[Items from a data source]
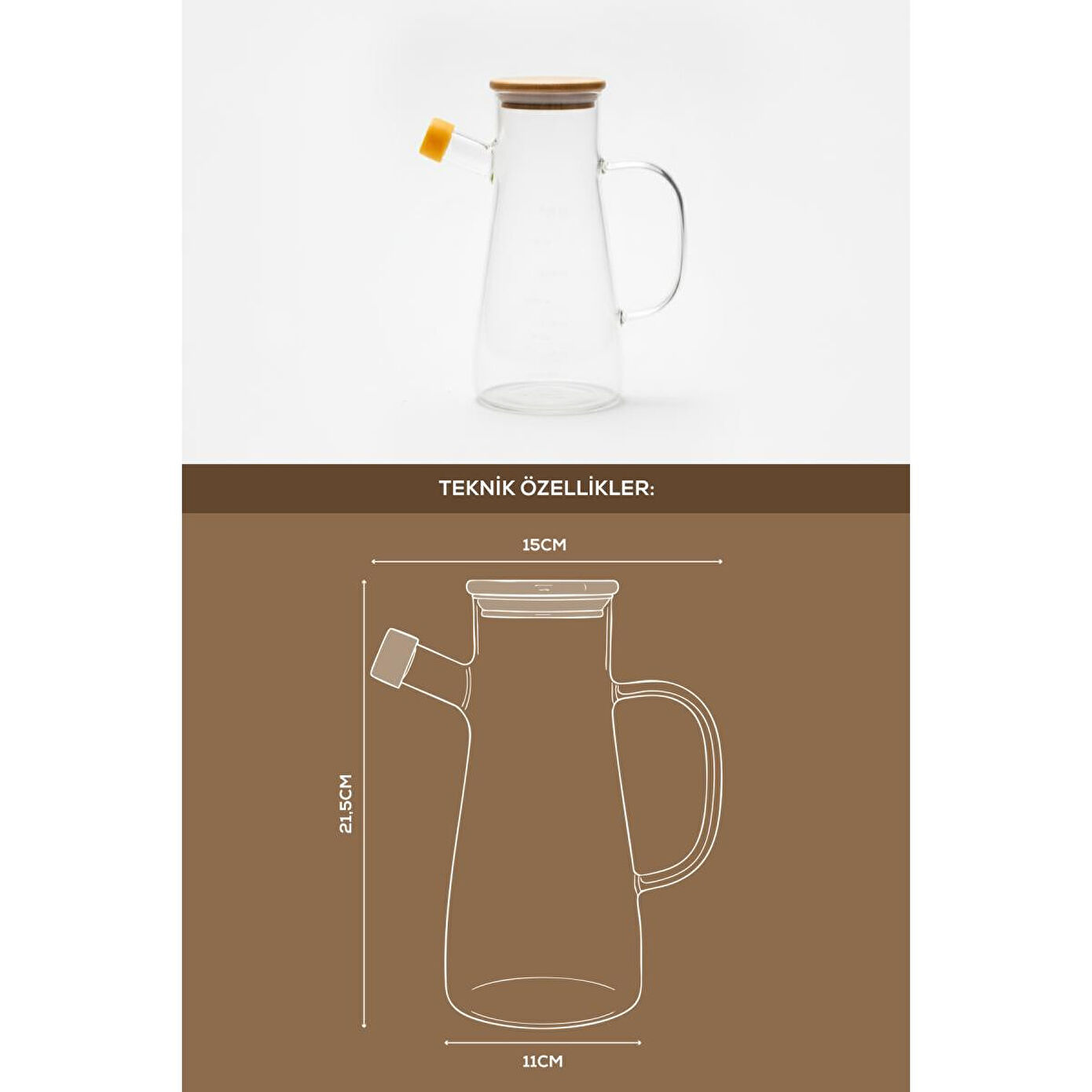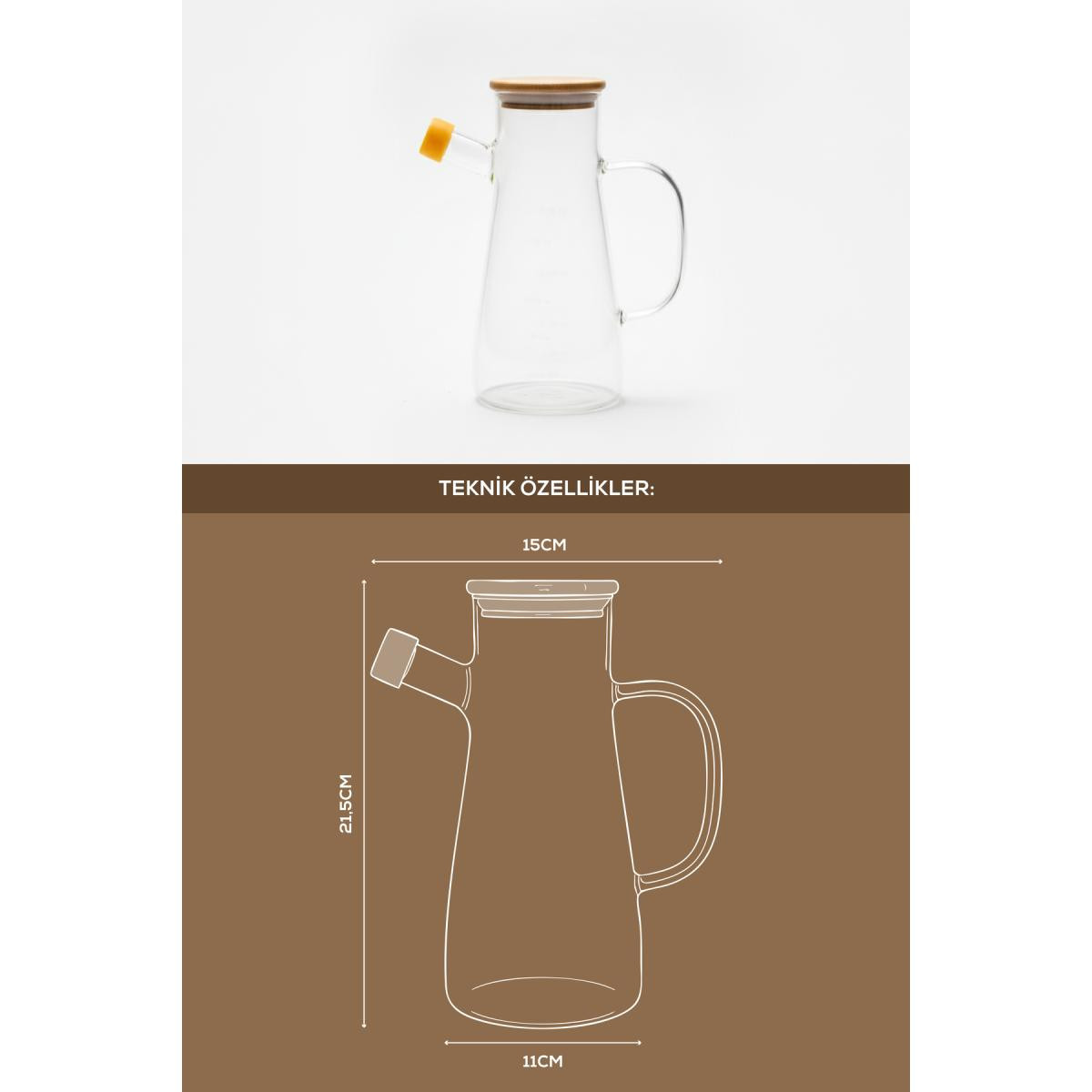 Mutfak tezgahınızda hem şıklığıyla göz dolduracak hem de pratikliğiyle hayatınızı kolaylaştıracak bir yardımcıyla tanışın! 900 ml geniş kapasiteli, ölçekli ve modern tasarımlı cam yağdanlığımız, yemek hazırlama sürecinizi keyifli bir deneyime dönüştürmek için tasarlandı.; Yağ ve sirke gibi sıvıları temiz, kontrollü ve şık bir şekilde kullanmak artık çok kolay.; ; ; Neden Bu Yağdanlığı Seçmelisiniz? ; ; Mutfaktaki dağınık yağ şişelerine veda edin.; Bu zarif yağdanlık, özel başlığı sayesinde tezgahınızın her zaman temiz kalmasını sağlarken, üzerindeki ölçü çizgileri ile tariflerinizde tam kontrol sunar.; ; ; Öne Çıkan Özellikler: ; ; Geniş Kapasite ve Hassas Ölçek: 900 ml'lik büyük hacmi sayesinde sürekli doldurma derdini ortadan kaldırır.; Üzerindeki ml cinsinden ölçü çizgileri, yemek ve salatalarınız için her zaman doğru miktarı kullanmanıza olanak tanır.; ; ; Şık ve Doğal Ahşap Kapak: Hava almasını engelleyen silikon contalı doğal ahşap kapağı, içindeki zeytinyağı, sirke veya sosun tazeliğini ve aromasını uzun süre korur.; Mutfak dekorasyonunuza sıcak ve modern bir dokunuş katar.; ; ; Ergonomik ve Modern Tasarım: Ele oturan konik yapısı ve rahat kavrama sağlayan cam kulpu ile kullanımı son derece kolaydır.; Minimalist ve zarif görünümüyle mutfak tezgahınızın yıldızı olacak.; ; ; Çok Amaçlı Kullanım: Sadece zeytinyağı için değil; ayçiçek yağı, sirke, soya sosu, limon suyu, nar ekşisi gibi farklı sıvı soslar için de ideal bir saklama ve servis ürünüdür.; ; ; Teknik Özellikler: ; ; Ürün Tipi: Yağdanlık / Sirkelik / Sosluk ; Malzeme: Yüksek Kaliteli Cam ve Doğal Ahşap ; Kapasite: 900 ml ; Ürün Ölçüleri: ; 11x15x21,5 cm ;
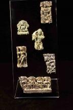 Subject: Group of six small sculptures including top left: Miniature Seated Ganesa; top right: Miniature Male Figure; top center: Karttikeya; center left: Salabhanjika
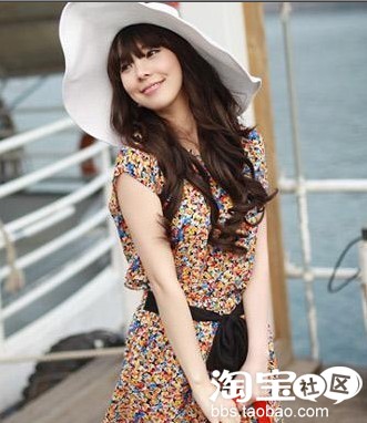 束腰碎花连衣裙,搭配浪漫的宽檐草帽,是完美的度假风。
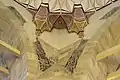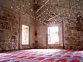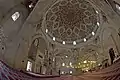 The two blue and turquoise underglaze-painted tile panels in the tympana of the windows were probably produced by the same group of tilemakers who had decorated the Yeşil Mosque (1419–21) in Bursa where the tiles are signed as "the work of the masters of Tabriz" (ʿamal-i ustadan-i Tabriz). The running pattern of the Chinese influenced floral border tiles is similar to those in the small Muradiye Mosque in Edirne.[6][7]
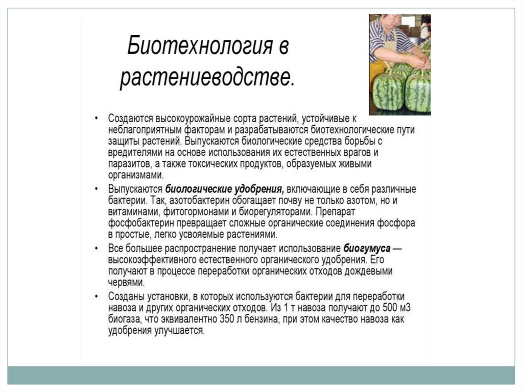 ВИДЫ БИОТЕХНОЛОГИЙ в :1.и
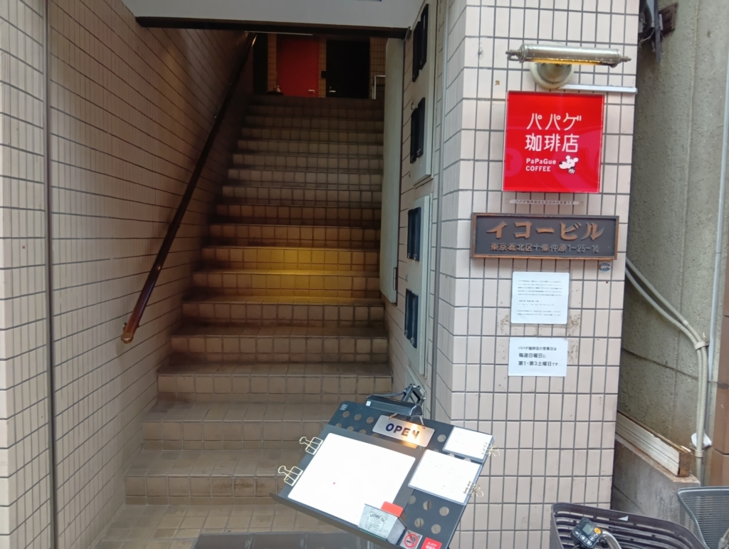商店街から少し入った建物の2階に位置するパパゲ珈琲店は、十条らしい活気から少し切り離された、落ち着いた大人の空間です。
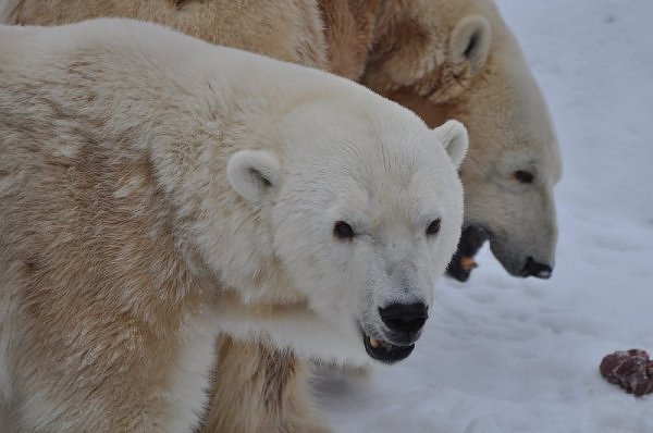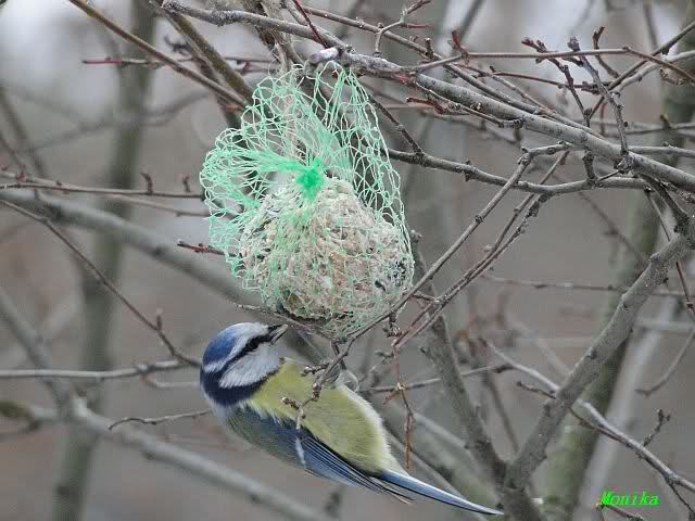Die Vögel im Zoo werden gut gefüttert. Viele Besucher bringen etwas mit. Nicht nur am Gehege von Knut wird Futter verteilt und Meisenknödel, Meisenringe und Erdnußsäckchen angehangen.
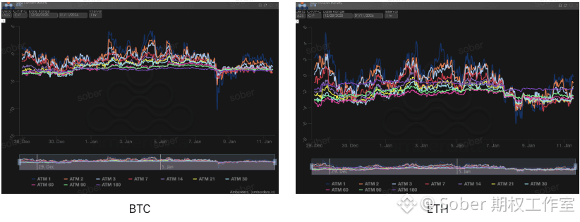 短端(ATM 1-7):深蓝线(ATM 1)和红色线(ATM 7)的波动最为剧烈。目前的快速回升说明,1 月 8 日的恐慌性抛售已经阶段性出清,短期 Gamma 风险得到释放。
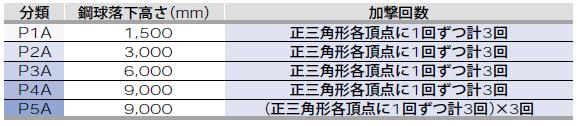 ⑤上記高さ・回数で実施し、3供試体全てにおいて鋼球がつき抜けなかったとき、その分類に合格したとみなされる。
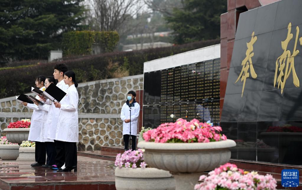 3月21日,在天津市薊州區元寶山莊生命紀念公園,天津醫科大學(xué)學(xué)生在奉獻碑前進(jìn)行詩(shī)朗誦《生命的禮物》。
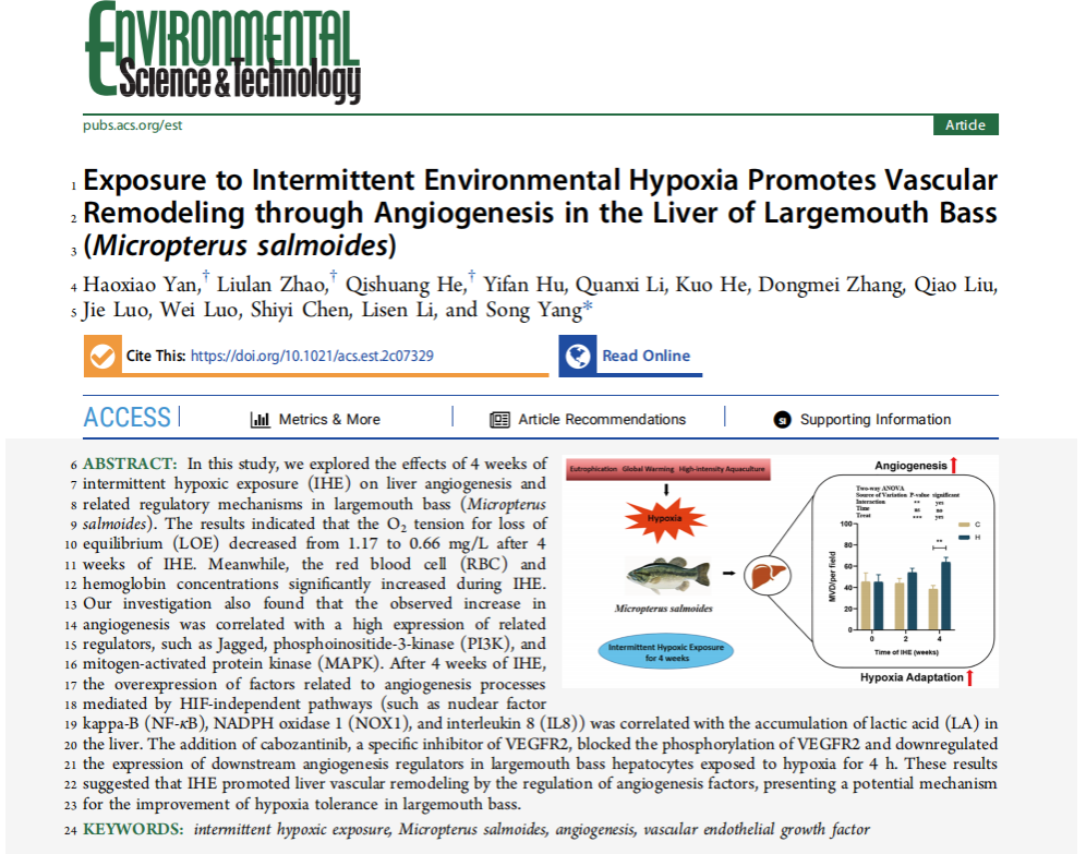 近日,学院杨淞教授团队以suncitygroup太阳成集团为唯一通讯单位在自然指数期刊《Environmental Science & Technology》(N1级中科院大类一区TOP,IF=11.357)发表题为“Exposure to Intermittent Environmental Hypoxia Promotes Vascular Remodeling through Angiogenesis in the Liver of Largemouth Bass (Micropterus salmoides)”的研究论文。该论文报道了血管内皮生长因子受体2(VEGFR2)是重要的低氧调控因子,其通过调控血管新生促进大口黑鲈肝脏血管重塑进而增强低氧耐受能力。
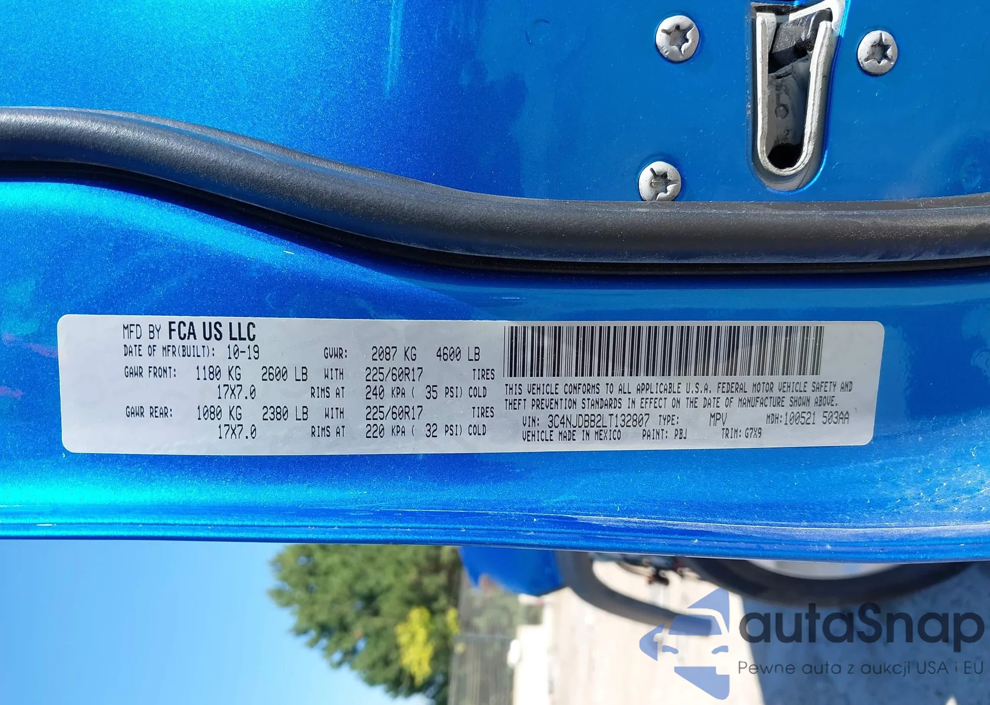 LOT: 43169865 VIN: 3C4NJDBB8KT813911

> **Your task**: The required output is each line above restated verbatim, with all images omitted.

> **Exercise solution**:
 Mutfak tezgahınızda hem şıklığıyla göz dolduracak hem de pratikliğiyle hayatınızı kolaylaştıracak bir yardımcıyla tanışın! 900 ml geniş kapasiteli, ölçekli ve modern tasarımlı cam yağdanlığımız, yemek hazırlama sürecinizi keyifli bir deneyime dönüştürmek için tasarlandı.; Yağ ve sirke gibi sıvıları temiz, kontrollü ve şık bir şekilde kullanmak artık çok kolay.; ; ; Neden Bu Yağdanlığı Seçmelisiniz? ; ; Mutfaktaki dağınık yağ şişelerine veda edin.; Bu zarif yağdanlık, özel başlığı sayesinde tezgahınızın her zaman temiz kalmasını sağlarken, üzerindeki ölçü çizgileri ile tariflerinizde tam kontrol sunar.; ; ; Öne Çıkan Özellikler: ; ; Geniş Kapasite ve Hassas Ölçek: 900 ml'lik büyük hacmi sayesinde sürekli doldurma derdini ortadan kaldırır.; Üzerindeki ml cinsinden ölçü çizgileri, yemek ve salatalarınız için her zaman doğru miktarı kullanmanıza olanak tanır.; ; ; Şık ve Doğal Ahşap Kapak: Hava almasını engelleyen silikon contalı doğal ahşap kapağı, içindeki zeytinyağı, sirke veya sosun tazeliğini ve aromasını uzun süre korur.; Mutfak dekorasyonunuza sıcak ve modern bir dokunuş katar.; ; ; Ergonomik ve Modern Tasarım: Ele oturan konik yapısı ve rahat kavrama sağlayan cam kulpu ile kullanımı son derece kolaydır.; Minimalist ve zarif görünümüyle mutfak tezgahınızın yıldızı olacak.; ; ; Çok Amaçlı Kullanım: Sadece zeytinyağı için değil; ayçiçek yağı, sirke, soya sosu, limon suyu, nar ekşisi gibi farklı sıvı soslar için de ideal bir saklama ve servis ürünüdür.; ; ; Teknik Özellikler: ; ; Ürün Tipi: Yağdanlık / Sirkelik / Sosluk ; Malzeme: Yüksek Kaliteli Cam ve Doğal Ahşap ; Kapasite: 900 ml ; Ürün Ölçüleri: ; 11x15x21,5 cm ;
 Subject: Group of six small sculptures including top left: Miniature Seated Ganesa; top right: Miniature Male Figure; top center: Karttikeya; center left: Salabhanjika
 束腰碎花连衣裙,搭配浪漫的宽檐草帽,是完美的度假风。
 The two blue and turquoise underglaze-painted tile panels in the tympana of the windows were probably produced by the same group of tilemakers who had decorated the Yeşil Mosque (1419–21) in Bursa where the tiles are signed as "the work of the masters of Tabriz" (ʿamal-i ustadan-i Tabriz). The running pattern of the Chinese influenced floral border tiles is similar to those in the small Muradiye Mosque in Edirne.[6][7]
 ВИДЫ БИОТЕХНОЛОГИЙ в :1.и
商店街から少し入った建物の2階に位置するパパゲ珈琲店は、十条らしい活気から少し切り離された、落ち着いた大人の空間です。
Die Vögel im Zoo werden gut gefüttert. Viele Besucher bringen etwas mit. Nicht nur am Gehege von Knut wird Futter verteilt und Meisenknödel, Meisenringe und Erdnußsäckchen angehangen.
 短端(ATM 1-7):深蓝线(ATM 1)和红色线(ATM 7)的波动最为剧烈。目前的快速回升说明,1 月 8 日的恐慌性抛售已经阶段性出清,短期 Gamma 风险得到释放。
 ⑤上記高さ・回数で実施し、3供試体全てにおいて鋼球がつき抜けなかったとき、その分類に合格したとみなされる。
 3月21日,在天津市薊州區元寶山莊生命紀念公園,天津醫科大學(xué)學(xué)生在奉獻碑前進(jìn)行詩(shī)朗誦《生命的禮物》。
 近日,学院杨淞教授团队以suncitygroup太阳成集团为唯一通讯单位在自然指数期刊《Environmental Science & Technology》(N1级中科院大类一区TOP,IF=11.357)发表题为“Exposure to Intermittent Environmental Hypoxia Promotes Vascular Remodeling through Angiogenesis in the Liver of Largemouth Bass (Micropterus salmoides)”的研究论文。该论文报道了血管内皮生长因子受体2(VEGFR2)是重要的低氧调控因子,其通过调控血管新生促进大口黑鲈肝脏血管重塑进而增强低氧耐受能力。
 LOT: 43169865 VIN: 3C4NJDBB8KT813911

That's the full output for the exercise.